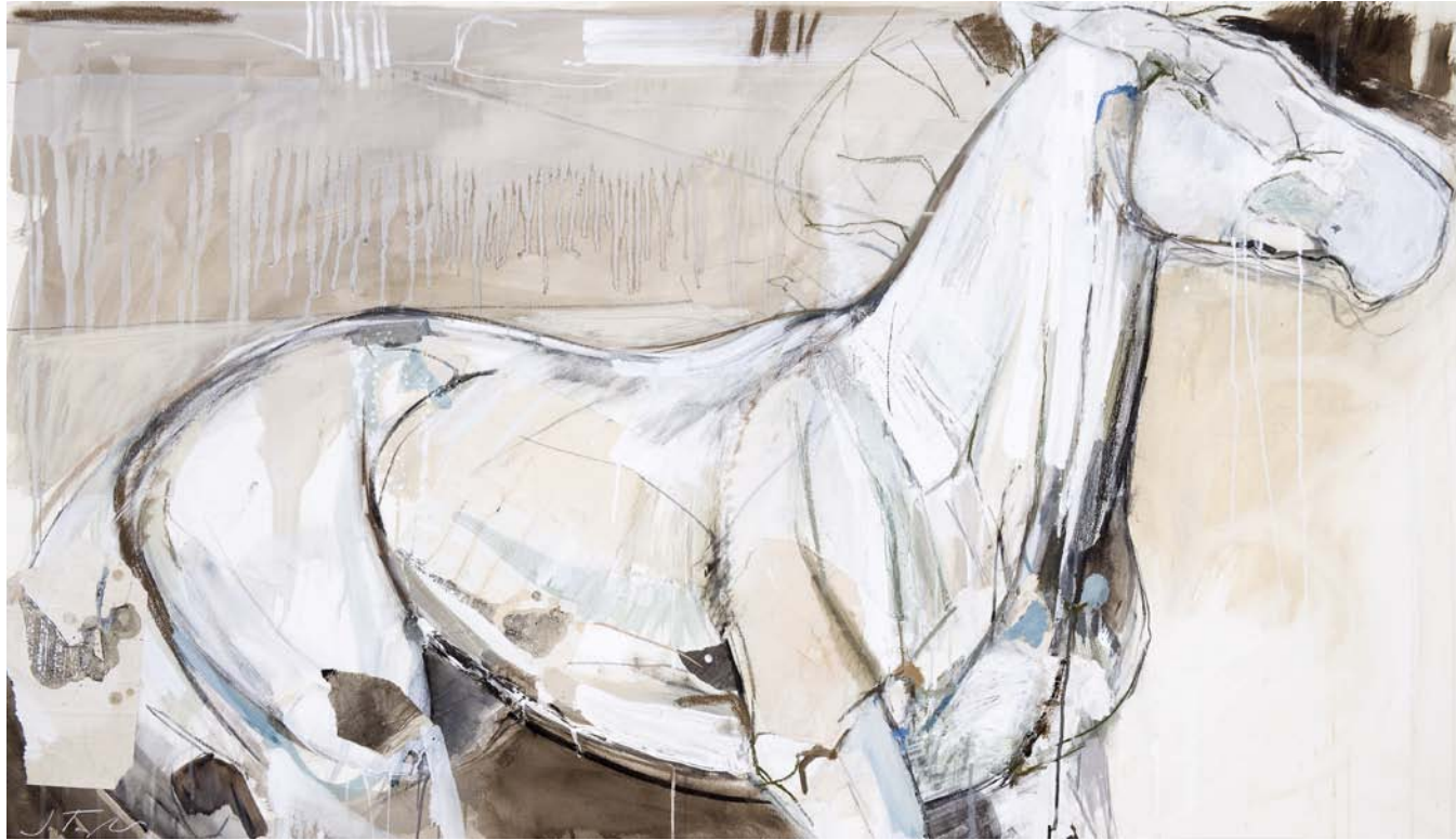
Plains Horse I, mixed media , 32" x 57" (81.3 x 144.8cm)
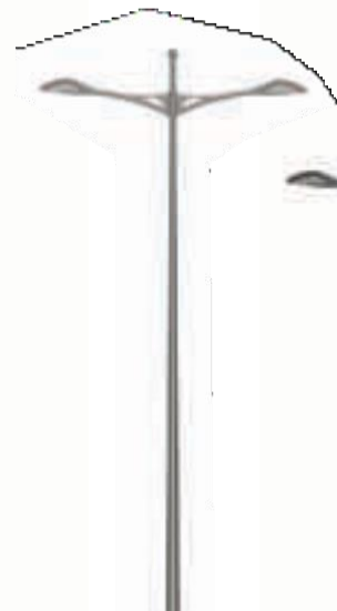
E - Kima 600
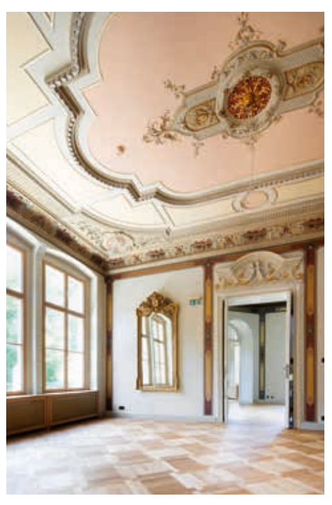
The stucco ceilings, as well as the wall and ceiling murals, had to be exposed and restored throughout the residence.

The historic windows and doors were reconstructed, renovated, color-matched and reinstalled by a company specializing in historic preservation. With a compact footprint of only six square feet and combining all of the components necessary for quality compressed air supply (namely a SIGMA Profile rotary screw compressor, a refrigerated dryer and a compressed air receiver), turnkey all-in-one SXC compressed air systems were the ideal choice for this work, which was carried out in a special onsite workshop. The greatest challenge was the
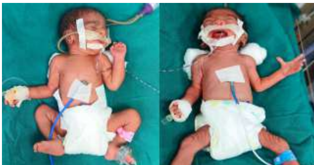
Babies of Shikha , 3 Days Premature Birth Complications
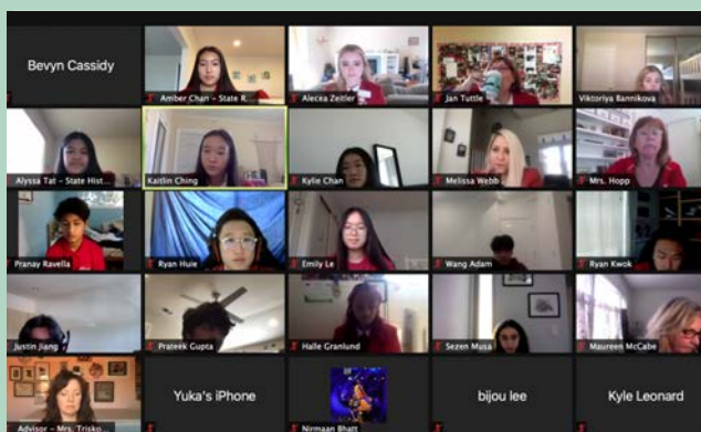
Region 5 Spring Meeting

"For those who are planning to run for Region, it's such a great experience! As president, I'm grateful for my team and glad that the meeting went fantastic. The preparation was a little challenging this year but I'm glad my team and I pulled through just to make sure Region 8 is great!"
-*-*-
WHAT THE TASK ASKS:
If a line in the data holds the string "Region", copy that line.

TASK RESPONSE:
Region 5 Spring Meeting
"For those who are planning to run for Region, it's such a great experience! As president, I'm grateful for my team and glad that the meeting went fantastic. The preparation was a little challenging this year but I'm glad my team and I pulled through just to make sure Region 8 is great!"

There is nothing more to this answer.